BEGIN
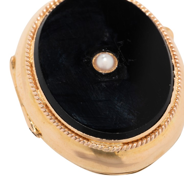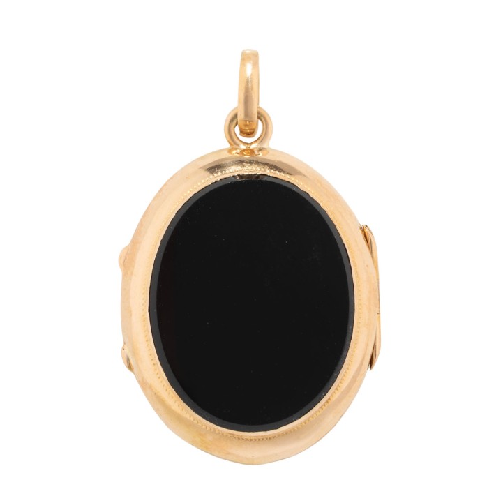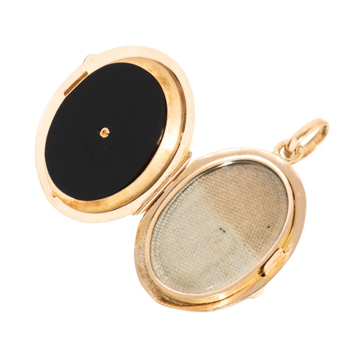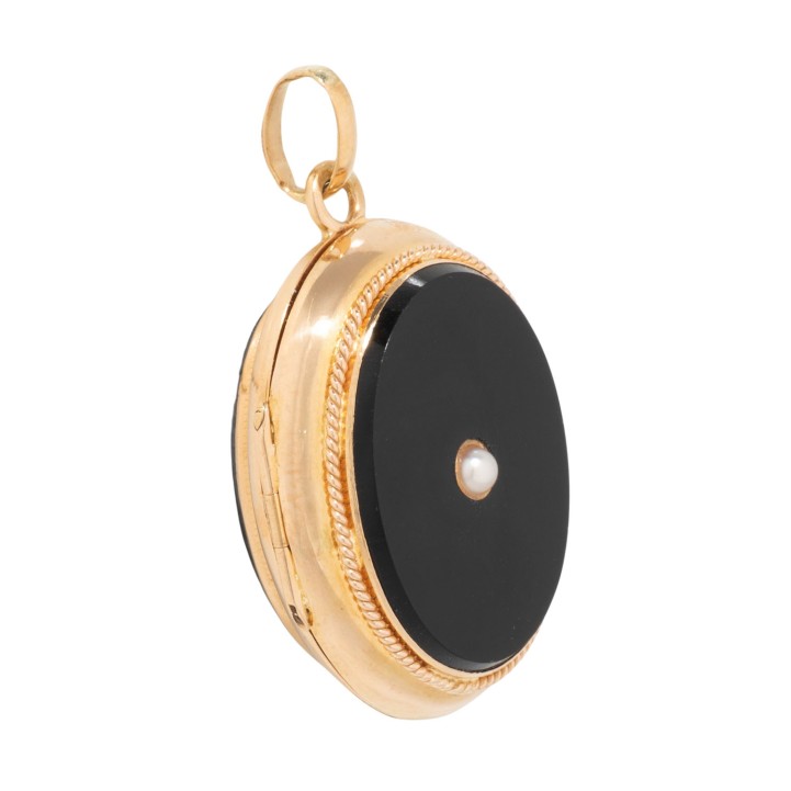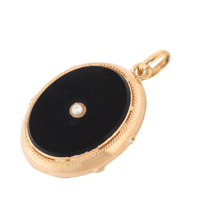 Medaillon pendant with onyx and small half pearl, 15K yellow gold, gilded, 10 g, 3.5x2.3 cm, with 2 glass frames, prob. England 19th/20th century, signs of wear, slightly dent.
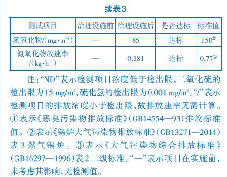 該臭氣處理工程完工后,系統運行情況良好,臭氣處理效果達到標準要求,主要污染物硫化氫、氨氣、臭氣去除率分別為76%、79%、45%。具體運行情況見表3。
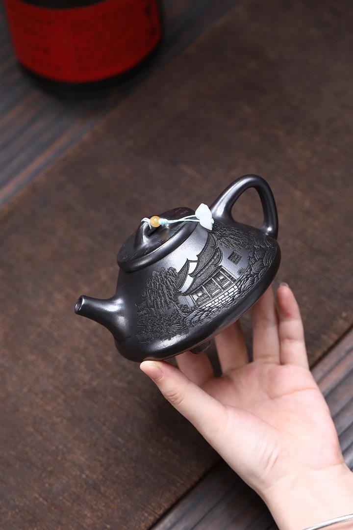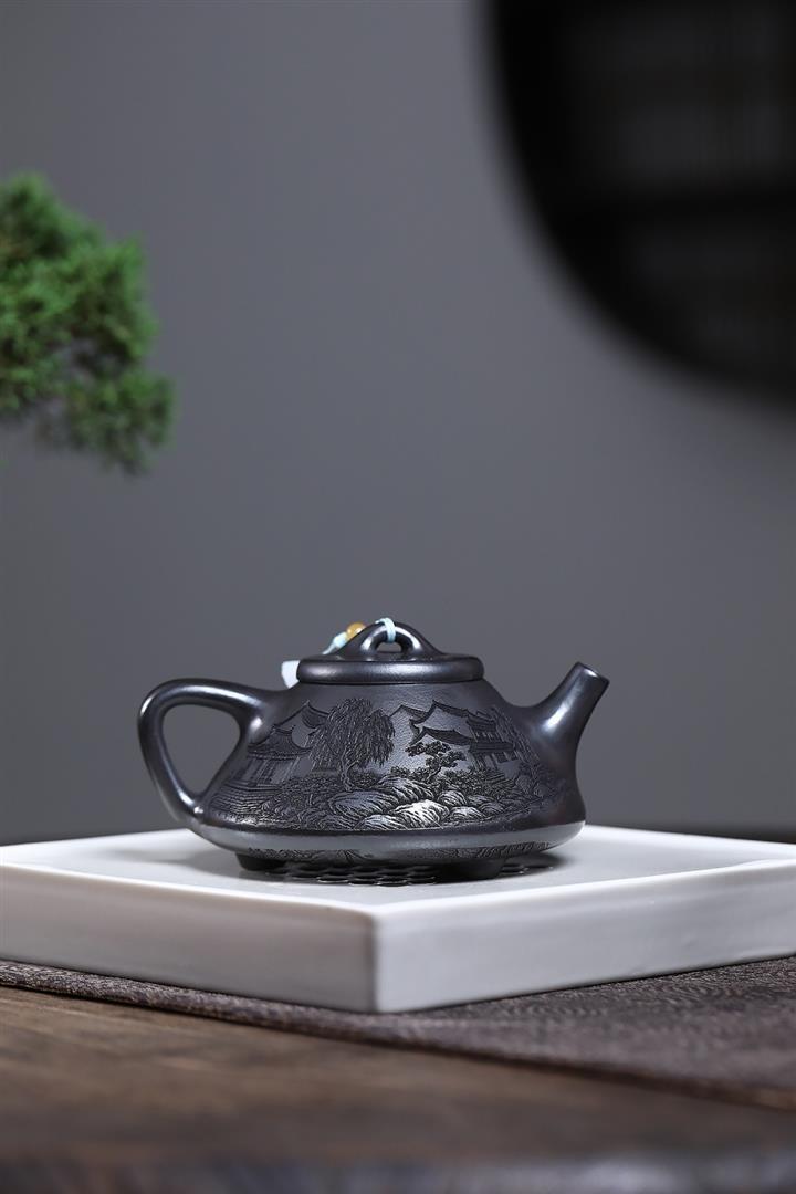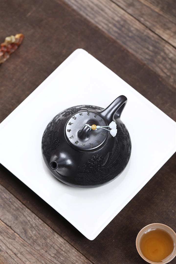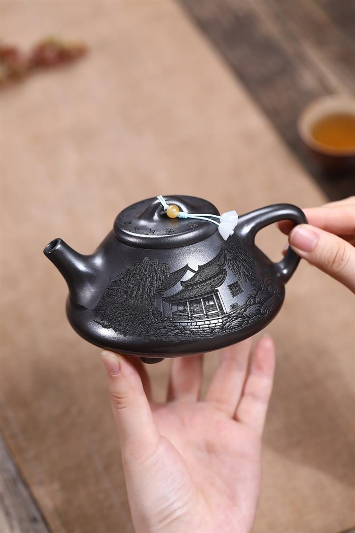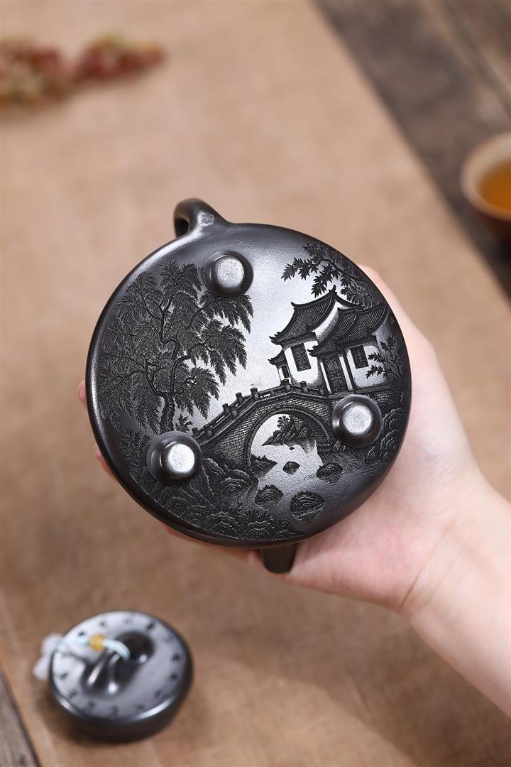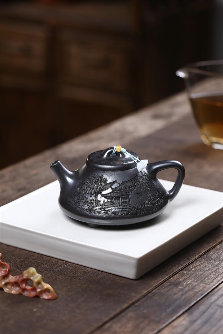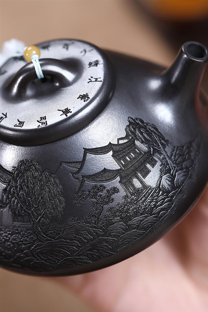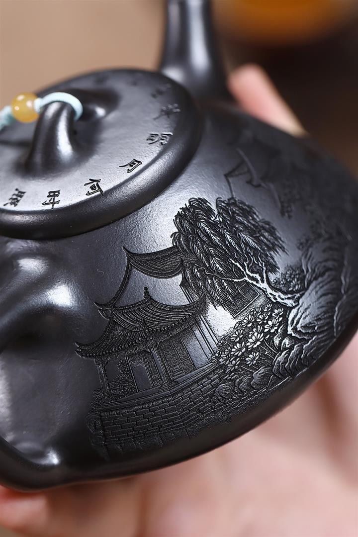 原礦龍骨金砂觀山滿刻華亭茶壺POT7417
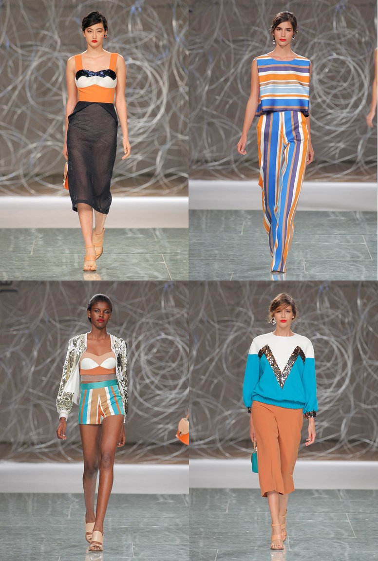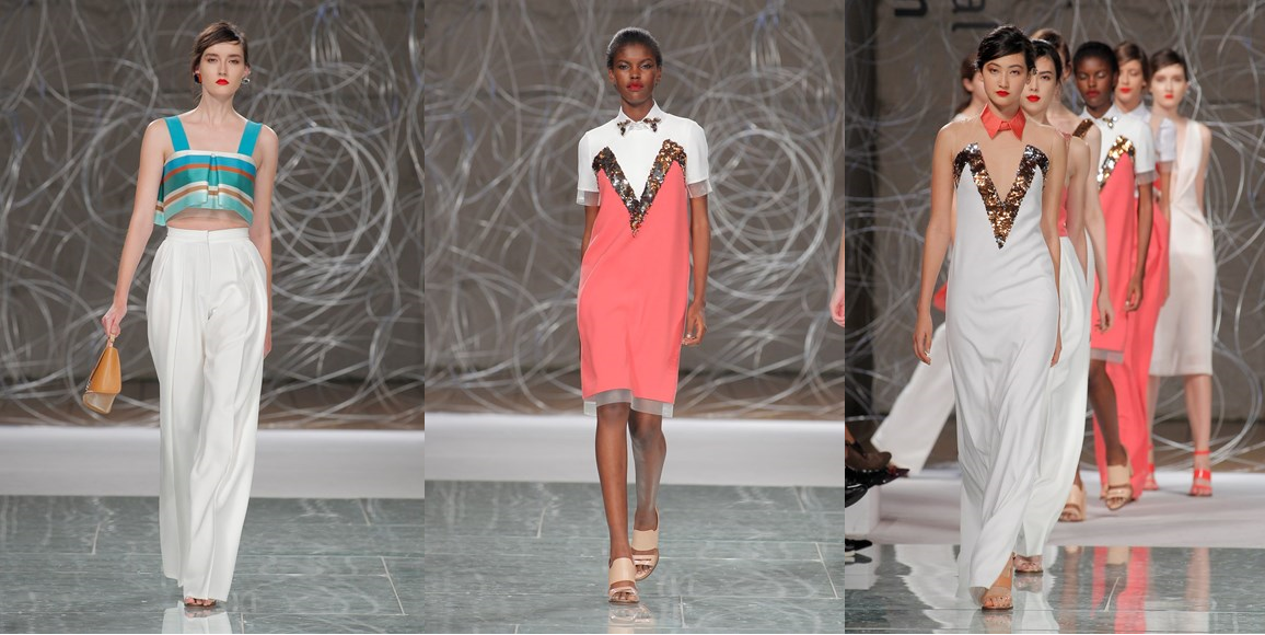 Nos tons azul turquesa, laranja, branco, camel, salmão, preto e branco; esta coleção foi pautada pelo relembrar dos anos 50. Saias rodadas, bermudas, corpetes e muitas formas geométricas. Adorei várias peças mas em baixo deixo-vos algumas fotos das minhas peças favoritas.
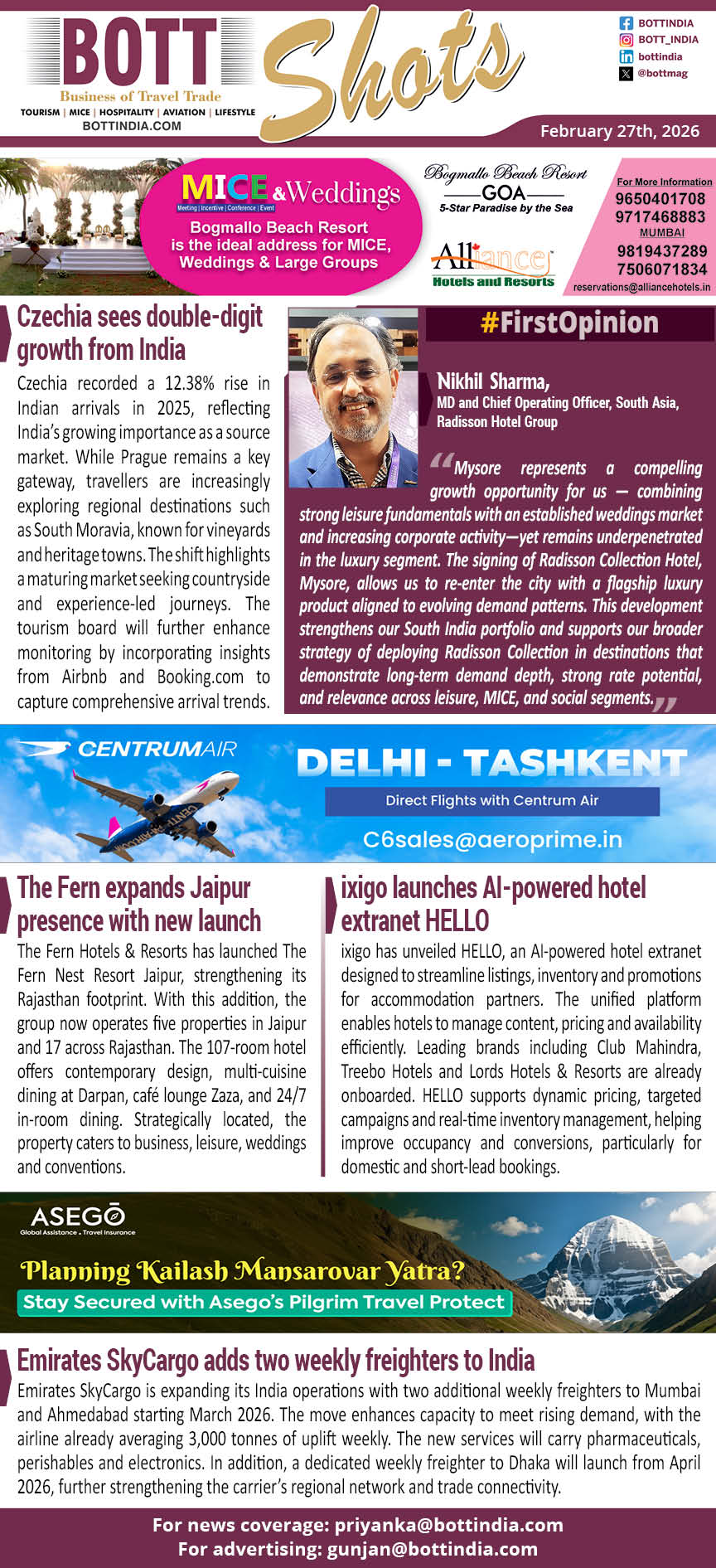 ixigo has unveiled HELLO, an AI-powered hotel extranet designed to streamline listings, inventory and promotions for accommodation partners. The unified platform enables hotels to manage content, pricing and availability efficiently. Leading brands including Club Mahindra, Treebo Hotels and Lords Hotels & Resorts are already onboarded. HELLO supports dynamic pricing, targeted campaigns and real-time inventory management, helping improve occupancy and conversions, particularly for domestic and short-lead bookings.
END
= Aim of the task =
What you give back should match the entries above exactly, except that pictures are dropped.

= Solution to the exercise =
 Medaillon pendant with onyx and small half pearl, 15K yellow gold, gilded, 10 g, 3.5x2.3 cm, with 2 glass frames, prob. England 19th/20th century, signs of wear, slightly dent.
 該臭氣處理工程完工后,系統運行情況良好,臭氣處理效果達到標準要求,主要污染物硫化氫、氨氣、臭氣去除率分別為76%、79%、45%。具體運行情況見表3。
 原礦龍骨金砂觀山滿刻華亭茶壺POT7417
 Nos tons azul turquesa, laranja, branco, camel, salmão, preto e branco; esta coleção foi pautada pelo relembrar dos anos 50. Saias rodadas, bermudas, corpetes e muitas formas geométricas. Adorei várias peças mas em baixo deixo-vos algumas fotos das minhas peças favoritas.
 ixigo has unveiled HELLO, an AI-powered hotel extranet designed to streamline listings, inventory and promotions for accommodation partners. The unified platform enables hotels to manage content, pricing and availability efficiently. Leading brands including Club Mahindra, Treebo Hotels and Lords Hotels & Resorts are already onboarded. HELLO supports dynamic pricing, targeted campaigns and real-time inventory management, helping improve occupancy and conversions, particularly for domestic and short-lead bookings.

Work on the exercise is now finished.